Video of Improvisational Session with ReaLJam
Below is a video of a user playing live with ReaLJam, where the user plays a melody and an AI agent plays accompanying chords in real-time. After the user starts the live session, they start improvising a melody on an external MIDI piano, lighting up on-screen piano notes in orange. After the silence period is over (8 beats in), the chords anticipated by the AI agent appear in blue at the top of the middle region and fall down until hitting the piano and playing.
This performance highlights several of ReaLJam's strengths. First, even though the user is not listening to the metronome, they are able to synchronize well with the agent (which generates in discrete time frames). Second, the agent is able to harmonize well with the melody, even though the melody often deviates from notes in the major or minor scales. This is enabled by the agent being able to anticipate the user's melody, as well as the user being able to see what chords the agent plans on playing next. Additionally, the chord progressions are often and surprising and interesting, notably the transition from Bbm to Bb at 0:27 or Eb to B at 1:42. Third, the performance has a consistent musical structure throughout, with the key often deviating but consistently returning to a main theme centered around Ab. This shows the agent not only harmonizes and anticipates well, but has a conception of the main musical ideas in a performance.
Users created unique and cohesive performances using ReaLJam (Section 4.1)
As discussed in the paper, users overall enjoyed their experience with ReaLJam. In addition to noting the functionality of the system, they also noted experiencing particularly exceptional moments where the chord agent was highly in line with their melodies or even surprised them with interesting accompaniments. Below we show a performance from each participant in the study where the melody and chords are well synchronized and have several satisfying moments. These notably span across diverse musical styles, demonstrating ReaLJam's ability to generalize across diverse inputs and support various users' needs.
Reinforcement learning is necessary (Section 4.2 paragraph 1)
We found that only agents trained with reinforcement learning (RL) could deliver consistent and stable accompaniments. Below we show examples from the user study where participants play with the Online model, which is simply pre-trained with a supervised objective. For comparison, we show each participant playing with the ReaLchords-S model (an agent fine-tuned with RL) with 0 commit for fairness (since the Online model also must use 0 commit as discussed in Section 3.2). Regarding the below examples with the Online model:
- In the first 3 examples, the Online model fails completely, only playing chords sporadically and with poor harmonization.

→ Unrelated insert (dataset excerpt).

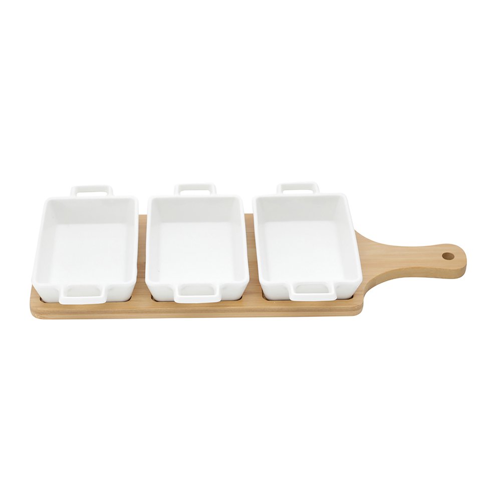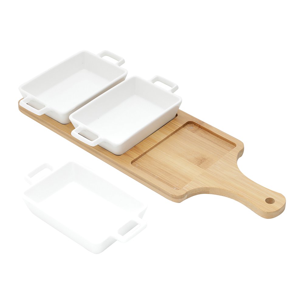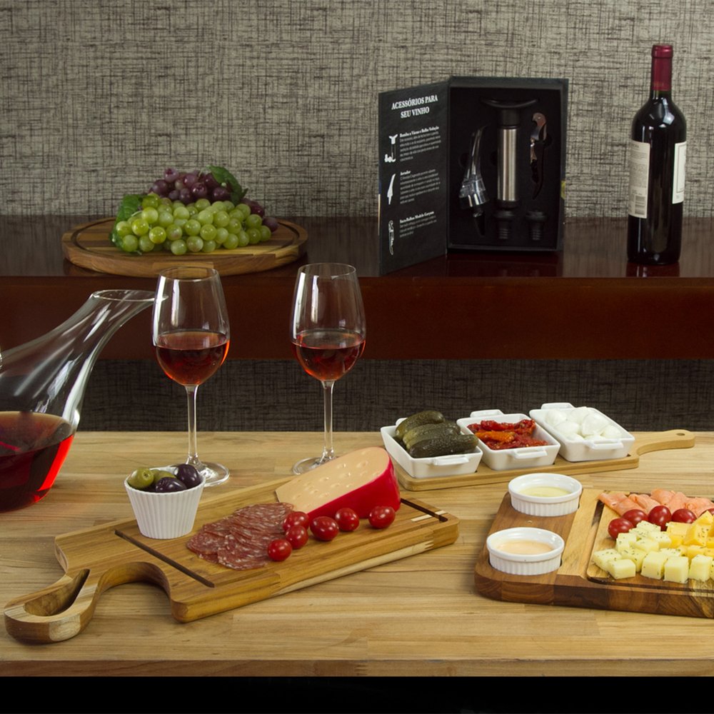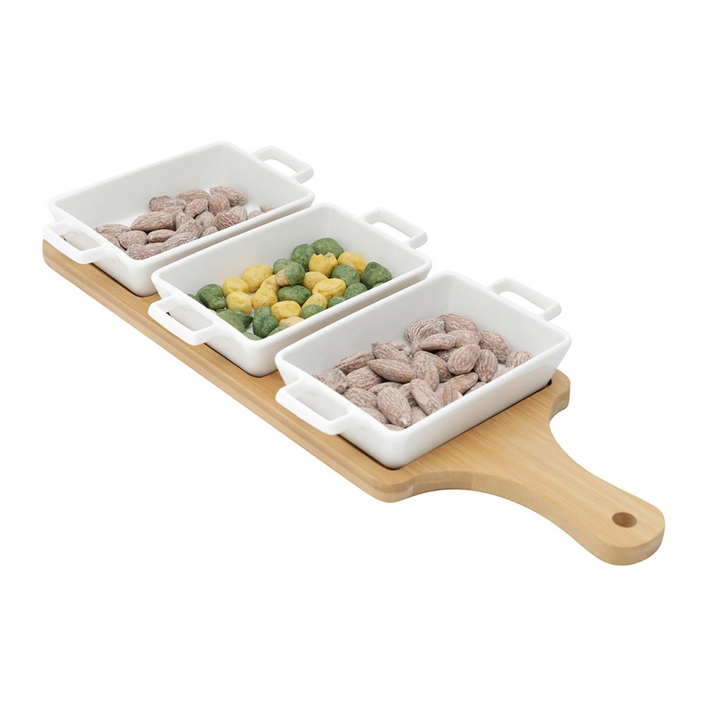 Esta tábua é cuidadosamente confeccionada em bambu de alta qualidade, proporcionando durabilidade e um visual rústico e elegante que certamente chamará a atenção dos seus convidados. As petisqueiras, feitas em porcelana delicada, adicionam um toque moderno ao conjunto, garantindo uma apresentação impecável dos seus petiscos favoritos. O que torna esse conjunto tão excepcional é a sua versatilidade. A tábua oferece espaço para acomodar as três petisqueiras individuais que permitem que você sirva diferentes opções de petiscos, desde queijos e frutas até nozes e azeitonas. Proporcionando uma experiência diversificada e agradável.

- In examples 4 and 5, the Online model produces chords for most of the performance, yet they are lower quality than their RL counterpart and also completely fail near the end of the performance.
- Only in the last example does the Online model successfully accompany the user the whole time.
Warm-starting prevents bad chords early on (Section 4.2 paragraph 3)
We discovered that warm-starting generation was necessary to avoid early bad chords from the agent. We show examples from the experiment where the silence period is set to 0 beats (effectively disabling warm-starting as described in Section 2.3.2). For comparison, we show the corresponding baseline performance for each participant, where the silence period is 8 beats and warm-starting occurs. In every case, when there is no warm-starting, the agent generates an initial chord that does not match the user melody at all. The agent usually recovers after one or two more chords, although this bad start can affect the rest of the performance negatively as it does in the first example. In the baseline performances, the first chord always matches the melody well, showing that warm-starting is necessary to achieve a good start to the performance.
Commit period reduces chord instability (Section 4.2 paragraph 3)
We discovered that the commit period not only acts as a tool to help users anticipate chords, but can also stabilize chord predictions. We show examples from the experiment where the commit time is set to 0 beats and compare with the corresponding baseline performances where the commit time is 4 beats. With 0 commit, we found the agent was more likely to produce unwanted artifacts of rapid 1/16th note chord changes, which we hypothesize are due to the agent's plan changing between requests. While these artifacts occasionally occur in the baseline performances (the last example) due to randomness in decoding, they are considerably reduced.
Users performed better with their preferred settings (Section 4.3)
We found that many of the interface settings had a high impact on user preference and the quality of their performances. Below, we show pairs of user performances where one has their preferred setting (indicated verbally and by what they chose in their last perforamnce) and the other does not. We find that:
- In the first example, the user preferred to see the incoming chords, and we can hear they struggled to synchronize their melody with the chords when they weren't shown.
- In the second example, the user preferred to set the commit time to 0 beats instead of 4, and we can hear the chords are more nuanced and harmonically aligned with the melody when using 0 commit.
- In the third example, the user preferred to not listen to the metronome, and we can hear that their performance is more expressive and less rigid than when the metronome is on.